**Provided data**
-- Opening Marker --
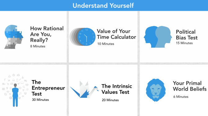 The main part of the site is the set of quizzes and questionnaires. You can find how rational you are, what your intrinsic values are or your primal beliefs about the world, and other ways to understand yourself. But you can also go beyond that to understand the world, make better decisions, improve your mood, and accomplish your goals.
-- Closing Marker --
-- Opening Marker --
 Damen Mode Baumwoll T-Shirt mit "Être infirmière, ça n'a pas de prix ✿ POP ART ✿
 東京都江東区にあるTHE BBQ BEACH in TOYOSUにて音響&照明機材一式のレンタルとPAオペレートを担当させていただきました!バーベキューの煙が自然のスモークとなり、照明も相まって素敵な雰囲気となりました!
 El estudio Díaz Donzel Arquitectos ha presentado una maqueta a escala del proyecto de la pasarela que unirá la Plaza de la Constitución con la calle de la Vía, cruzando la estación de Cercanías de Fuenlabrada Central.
-- Closing Marker --
-- Opening Marker --
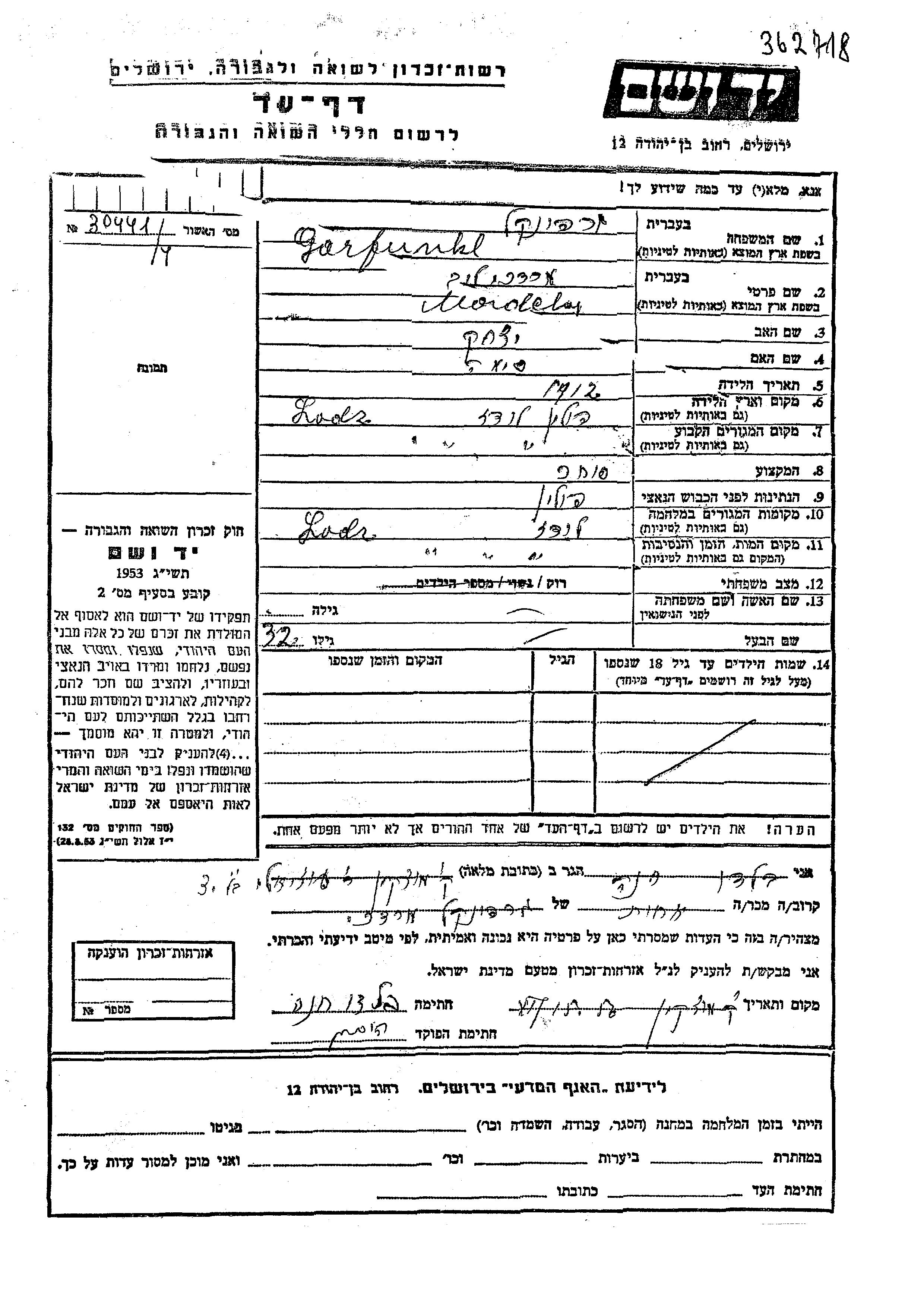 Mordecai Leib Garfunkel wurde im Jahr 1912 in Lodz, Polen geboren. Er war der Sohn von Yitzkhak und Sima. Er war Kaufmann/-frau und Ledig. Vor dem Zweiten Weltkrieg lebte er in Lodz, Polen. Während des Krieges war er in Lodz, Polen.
-- Closing Marker --
**Your assignment**
Find the line with "Damen Mode Baumwoll" in the material above. Reproduce it and each line after it up to and including the line with "El estudio Díaz".

**Answer section**
 Damen Mode Baumwoll T-Shirt mit "Être infirmière, ça n'a pas de prix ✿ POP ART ✿
 東京都江東区にあるTHE BBQ BEACH in TOYOSUにて音響&照明機材一式のレンタルとPAオペレートを担当させていただきました!バーベキューの煙が自然のスモークとなり、照明も相まって素敵な雰囲気となりました!
 El estudio Díaz Donzel Arquitectos ha presentado una maqueta a escala del proyecto de la pasarela que unirá la Plaza de la Constitución con la calle de la Vía, cruzando la estación de Cercanías de Fuenlabrada Central.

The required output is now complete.